Stored items from a collection
=======
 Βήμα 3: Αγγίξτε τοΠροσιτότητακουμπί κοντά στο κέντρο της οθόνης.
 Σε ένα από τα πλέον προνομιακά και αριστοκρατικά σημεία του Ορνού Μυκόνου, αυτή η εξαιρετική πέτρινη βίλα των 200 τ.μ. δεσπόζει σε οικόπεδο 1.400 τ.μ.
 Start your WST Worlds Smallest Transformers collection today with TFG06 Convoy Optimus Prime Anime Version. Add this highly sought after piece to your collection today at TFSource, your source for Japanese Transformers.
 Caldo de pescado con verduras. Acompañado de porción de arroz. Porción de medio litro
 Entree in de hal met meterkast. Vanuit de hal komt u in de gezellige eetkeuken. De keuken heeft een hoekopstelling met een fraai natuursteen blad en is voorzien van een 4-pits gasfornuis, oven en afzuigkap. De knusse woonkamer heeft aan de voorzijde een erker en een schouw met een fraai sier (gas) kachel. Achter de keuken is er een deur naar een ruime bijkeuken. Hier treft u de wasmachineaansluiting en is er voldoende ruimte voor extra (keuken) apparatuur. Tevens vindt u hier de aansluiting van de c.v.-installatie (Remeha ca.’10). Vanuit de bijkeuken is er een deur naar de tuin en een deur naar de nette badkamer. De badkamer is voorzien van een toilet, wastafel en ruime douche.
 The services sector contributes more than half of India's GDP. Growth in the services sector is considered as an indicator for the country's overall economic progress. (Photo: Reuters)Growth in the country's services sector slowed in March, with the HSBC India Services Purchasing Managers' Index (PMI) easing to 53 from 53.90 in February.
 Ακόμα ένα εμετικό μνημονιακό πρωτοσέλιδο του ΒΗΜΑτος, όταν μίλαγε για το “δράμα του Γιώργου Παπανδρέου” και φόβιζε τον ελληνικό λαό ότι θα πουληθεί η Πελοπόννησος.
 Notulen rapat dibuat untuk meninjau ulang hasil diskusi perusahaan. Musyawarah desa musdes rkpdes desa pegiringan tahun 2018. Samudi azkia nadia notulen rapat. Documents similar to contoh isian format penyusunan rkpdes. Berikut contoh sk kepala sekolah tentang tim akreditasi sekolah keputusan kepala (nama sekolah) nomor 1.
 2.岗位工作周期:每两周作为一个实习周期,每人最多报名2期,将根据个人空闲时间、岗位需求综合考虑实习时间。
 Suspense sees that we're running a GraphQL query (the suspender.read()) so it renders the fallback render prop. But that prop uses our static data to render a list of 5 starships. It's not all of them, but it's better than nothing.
=======
Write out a verbatim copy of the data, beginning with its first line and ending with the line that contains "Entree in de".

* **Response to this exercise**
 Βήμα 3: Αγγίξτε τοΠροσιτότητακουμπί κοντά στο κέντρο της οθόνης.
 Σε ένα από τα πλέον προνομιακά και αριστοκρατικά σημεία του Ορνού Μυκόνου, αυτή η εξαιρετική πέτρινη βίλα των 200 τ.μ. δεσπόζει σε οικόπεδο 1.400 τ.μ.
 Start your WST Worlds Smallest Transformers collection today with TFG06 Convoy Optimus Prime Anime Version. Add this highly sought after piece to your collection today at TFSource, your source for Japanese Transformers.
 Caldo de pescado con verduras. Acompañado de porción de arroz. Porción de medio litro
 Entree in de hal met meterkast. Vanuit de hal komt u in de gezellige eetkeuken. De keuken heeft een hoekopstelling met een fraai natuursteen blad en is voorzien van een 4-pits gasfornuis, oven en afzuigkap. De knusse woonkamer heeft aan de voorzijde een erker en een schouw met een fraai sier (gas) kachel. Achter de keuken is er een deur naar een ruime bijkeuken. Hier treft u de wasmachineaansluiting en is er voldoende ruimte voor extra (keuken) apparatuur. Tevens vindt u hier de aansluiting van de c.v.-installatie (Remeha ca.’10). Vanuit de bijkeuken is er een deur naar de tuin en een deur naar de nette badkamer. De badkamer is voorzien van een toilet, wastafel en ruime douche.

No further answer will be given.